简体   繁体   English

通过迭代将函数应用于数据帧的所有行-Python

[英]Applying function over all rows of dataframe through iteration - Python

I am working on this dataframe: 我正在处理此数据框:

数据框

 Detection_Location Blast Hole East Coordinate North Coordinate Tag Detector ID Detection Start Time Detection end time Tags CV22 105,100,99 16764.83,16752.74,16743.1 107347.67,107360.32,107362.96 385742468,385112050,385087366 2018-09-06 20:02:46 2018-09-06 20:49:21 3 CV23 63,64,61 16755.07,16745.42,16773.48 107387.68,107390.32,107382.6 385262370,385656531,385760755 2018-09-08 14:12:42 2018-09-08 14:24:19 3 CV22 5,35,19 16757.27,16747.75,16770.89 107452.4,107417.68,107420.83 385662254,385453358,385826979 2018-09-23 05:01:12 2018-09-23 05:52:54 3 

I am trying to pull X coordinate from the column 'East Coordinate' and y coordinate from column 'North coordinate'. 我试图从“东坐标”列中拉出X坐标,从“北坐标”列中拉出y坐标。 I have written a function to calculate centroid of the 3 points in each row and then calculate distance from each point and a validation. 我编写了一个函数来计算每行中3个点的质心,然后计算到每个点的距离并进行验证。 It is working perfectly for one row. 它可以完美地运行一排。

I want to apply that function for each row and then return the answer. 我想为每行应用该函数,然后返回答案。 I have tried df.iterrows and df.apply as well but both giving same answer for all the rows so clearly its not working. 我也尝试了df.iterrows和df.apply,但是对于所有行都给出了相同的答案,因此显然它不起作用。

This is the code: (Only the last part of how to apply that function on each row and get the result as the additional column in the original dataset would be a challenge, rest code is just for understanding.) 这是代码:(仅在最后一行中介绍如何在每个行上应用该函数以及如何获得结果,因为原始数据集中的其他列将是一个挑战,其余代码仅用于理解。)

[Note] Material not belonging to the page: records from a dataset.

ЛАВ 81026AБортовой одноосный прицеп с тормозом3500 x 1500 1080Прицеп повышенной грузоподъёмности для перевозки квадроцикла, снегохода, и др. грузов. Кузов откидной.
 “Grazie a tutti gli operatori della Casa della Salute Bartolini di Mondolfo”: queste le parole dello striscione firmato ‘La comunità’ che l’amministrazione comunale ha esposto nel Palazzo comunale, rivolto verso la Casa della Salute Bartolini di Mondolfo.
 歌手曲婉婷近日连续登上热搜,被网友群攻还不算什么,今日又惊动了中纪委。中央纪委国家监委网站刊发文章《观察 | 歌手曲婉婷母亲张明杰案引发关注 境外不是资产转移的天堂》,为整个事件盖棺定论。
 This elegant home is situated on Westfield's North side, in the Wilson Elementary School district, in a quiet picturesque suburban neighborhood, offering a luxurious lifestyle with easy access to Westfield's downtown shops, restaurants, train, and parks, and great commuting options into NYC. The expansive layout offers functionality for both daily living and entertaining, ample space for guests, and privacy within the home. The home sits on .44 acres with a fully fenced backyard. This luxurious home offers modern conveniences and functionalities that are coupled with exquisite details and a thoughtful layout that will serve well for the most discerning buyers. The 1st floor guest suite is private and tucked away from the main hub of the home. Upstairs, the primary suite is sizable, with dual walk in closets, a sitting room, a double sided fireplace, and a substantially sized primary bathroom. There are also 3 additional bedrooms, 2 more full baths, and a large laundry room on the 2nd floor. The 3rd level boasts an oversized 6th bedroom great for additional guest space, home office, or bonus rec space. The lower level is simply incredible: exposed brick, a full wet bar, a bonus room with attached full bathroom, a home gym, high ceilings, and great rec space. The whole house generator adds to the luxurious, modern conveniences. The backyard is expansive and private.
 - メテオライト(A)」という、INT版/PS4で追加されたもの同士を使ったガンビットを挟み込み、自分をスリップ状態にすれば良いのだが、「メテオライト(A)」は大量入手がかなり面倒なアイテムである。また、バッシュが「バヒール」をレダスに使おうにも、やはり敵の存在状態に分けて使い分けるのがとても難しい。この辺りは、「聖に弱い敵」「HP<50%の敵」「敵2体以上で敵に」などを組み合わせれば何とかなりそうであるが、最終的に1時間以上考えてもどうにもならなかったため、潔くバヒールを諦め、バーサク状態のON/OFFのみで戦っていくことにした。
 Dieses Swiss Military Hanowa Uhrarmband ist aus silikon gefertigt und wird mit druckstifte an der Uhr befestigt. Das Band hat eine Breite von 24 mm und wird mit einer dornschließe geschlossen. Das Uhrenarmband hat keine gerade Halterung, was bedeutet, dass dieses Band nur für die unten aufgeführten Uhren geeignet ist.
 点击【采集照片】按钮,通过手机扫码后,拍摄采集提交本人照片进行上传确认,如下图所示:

def Calculate_dispersion(row):
    #Picking up the columns with x coordinates.
    df2 = df['East Coordinate'].tolist()
    #Picking up the columns with y coordinates.
    df3 = df['North Coordinate'].tolist()

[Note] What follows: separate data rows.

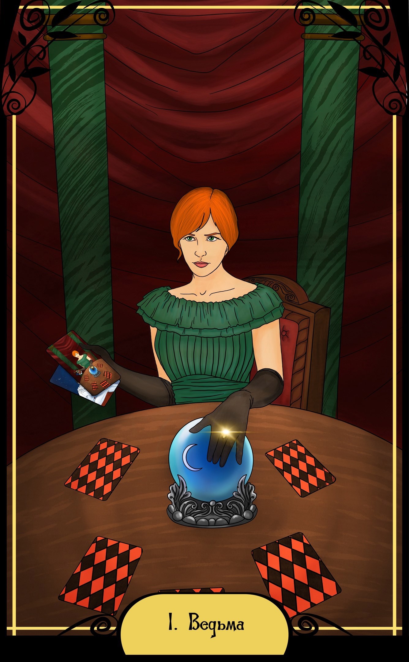 Аркан "Ведьма" Автор: Анна Веневитинова Работа Lauremor. Иллюстрация к "Формуле Распутина".Персонаж - Инга Дэвис.Визуальный прототип - Келли Райлли. таро инги дэвис, формула распутина 384 Пожаловаться
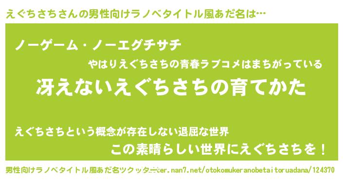 | ヒーロー風カッコイイあだ名 | 『慈愛の使者えぐちさち』『仮面エグダー』 |
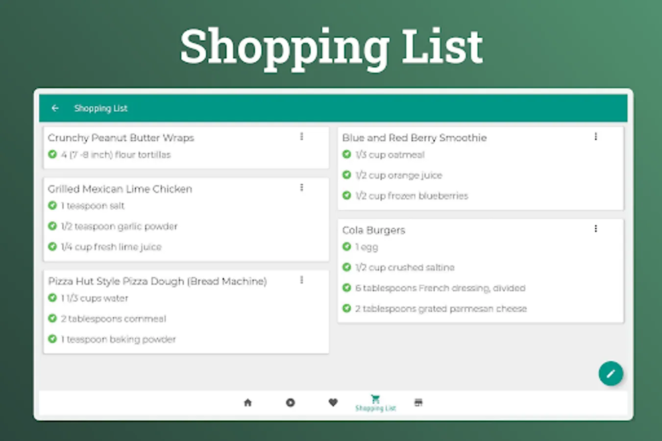 An organized shopping list allows the user to create ingredients list so you won’t miss any for the recipe. Users can also add items directly from recipes.
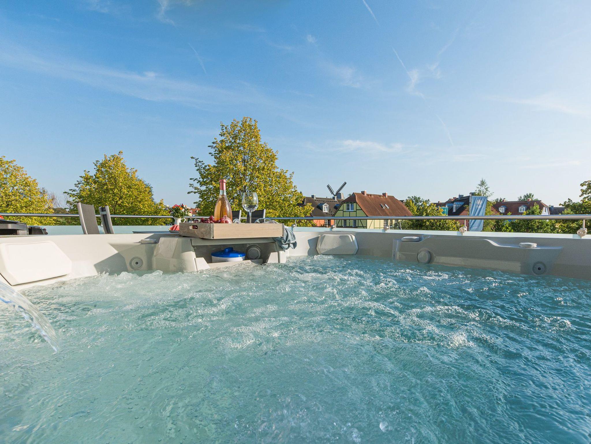 Ein absolutes Highlight ist der große Balkon, auf dem Sie den Blick auf die Umgebung genießen können. Hier erwartet Sie zudem ein Außen Whirlpool, in dem Sie sich bei sprudelndem Luxus entspannen können.
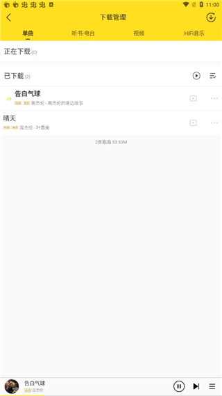 6、点击下载,下载的歌曲就会出现在这里,这样就支持离线听歌哦!
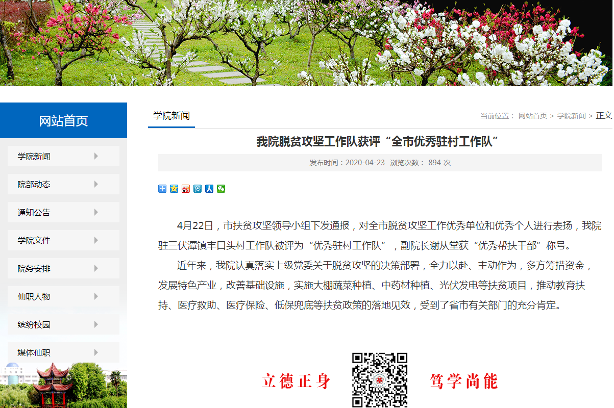 逐梦而行,绽放芳华。在青春仙职,每天叫醒我的不是清晨的阳光,而是立德正身、笃学尚能的校训。
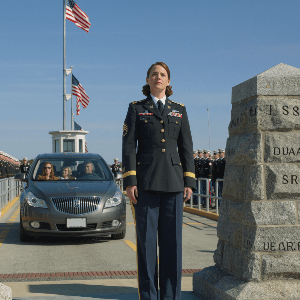 The crowd dispersed on the parade field, sunlight warming the granite letters of Develin Gate. Mara’s family approached, Carla first, arms open for a hug. Philip followed, older, deliberate in step; Savannah hung back, unusually subdued.
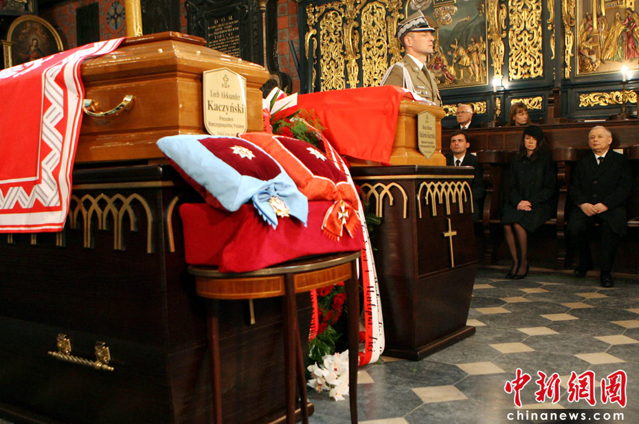 當(dāng)?shù)貢r(shí)間4月18日,卡欽斯基夫婦的葬禮在波蘭南部城市克拉科夫舉行。波蘭總統(tǒng)卡欽斯基及其夫人乘坐的專機(jī)10日在俄羅斯斯摩棱斯克失事,機(jī)上人員全部遇難。圖片來源:中國新聞網(wǎng)
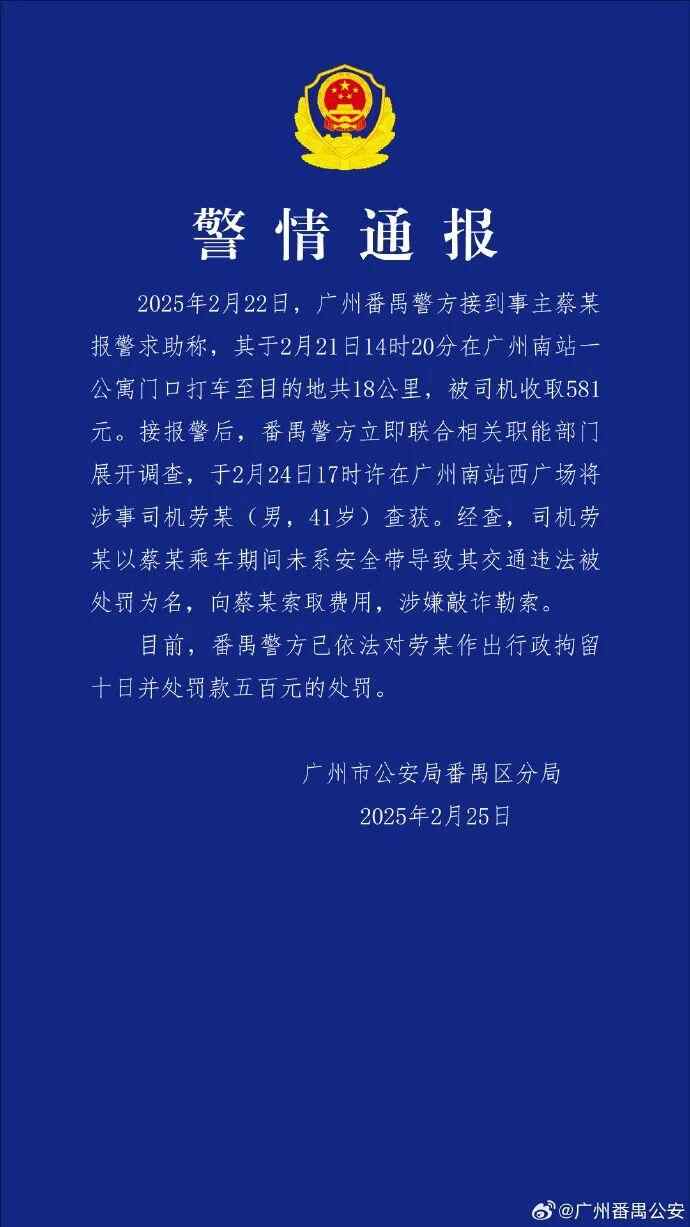 2025年2月22日,广州番禺警方接到事主蔡某报警求助称,其于2月21日14时20分在广州南站一公寓门口打车至目的地共18公里,被司机收取581元。接报警后,番禺警方立即联合相关职能部门展开调查,于2月24日17时许在广州南站西广场将涉事司机劳某(男,41岁)查获。

    #Splitting the list into seperate x coordinates.
    df4 = pd.DataFrame([sub.split(",") for sub in df2])
    #Splitting the list into seperate y coordinates.
    df5 = pd.DataFrame([sub.split(",") for sub in df3])


    #Creating a tuple with x coordinates
    x1 = df4.iloc[0]
    x2 = x1.tolist()
    x3 = tuple(float(x) for x in x2)
    #Creating a tuple with y coordinates
    y1 = df5.iloc[0]
    y2 = y1.tolist()
    y3 = tuple(float(x) for x in y2)


    #Creating the Coordinate tuple for centroid calculation.
    c = (x3,y3)

    #Calculating centroid.
    centroid = (sum(c[0])/len(c[0]),sum(c[1])/len(c[1]))
    Centroid1 = (round(centroid[0],2), round(centroid[1],2))

    #Converting tuple in (x,y) form.
    a = (x3[0], y3[0])
    b = (x3[1], y3[1])
    c = (x3[2], y3[2])

    #Function for calculating distance from centroid.
    def get_distance(x1, x2, y1, y2):
        dist = math.sqrt((x2-x1)**2 +(y2-y1)**2)
        return dist


    #Assinging first coordinate points value.
    x1 = a[0]
    x2 = Centroid1[0]
    y1 = a[1]
    y2 = Centroid1[1]
    #Calculating distance for second coordinate point and centroid.
    distance_a_centroid = get_distance(x1,x2,y1,y2)
    print(distance_a_centroid)

    #Assinging second coordinate points value.
    x_1 = b[0]
    y_1 = b[1]
    #Calculating distance for second coordinate point and centroid.
    distance_b_centroid = get_distance(x_1, x2, y_1, y2)
    print(distance_b_centroid)


    #Assinging second coordinate points value.
    x_2 = c[0]
    y_2 = c[1]
    #Calculating distance for third coordinate point and centroid.
    distance_c_centroid = get_distance(x_2,x2,y_2,y2)
    print(distance_c_centroid)

    #calculate average dispersion
    Average_dispersion = (distance_a_centroid+distance_b_centroid+distance_c_centroid)/3
    print(Average_dispersion)

    #Validation statement
    if distance_a_centroid <= 16.00 and distance_b_centroid <= 16.00 and distance_c_centroid <=16.00 :
        print ("True")
    else:
        print("False")





for index, row in df.iterrows():
    Final_PHD = Calculate_dispersion(row)
print(Final_PHD)

Thanks in advance 提前致谢

It is simple, if you look at nothing inside the function depends on the row with which you execute the function, this implies that the function will always return the same. 很简单,如果您在函数内部什么也不看,取决于您执行该函数的row ,这意味着该函数将始终返回相同的值。 Note that the variables of the function are local variables and therefore are restarted with each function call. 请注意,该函数的变量是局部变量,因此在每次调用函数时都会重新启动。

Try this: 尝试这个:

def Calculate_dispersion(row):
    #Picking up the columns with x coordinates.
    df2 = df.loc[row,'East Coordinate'].tolist()
    #Picking up the columns with y coordinates.
    df3 = df.loc[row,'North Coordinate'].tolist()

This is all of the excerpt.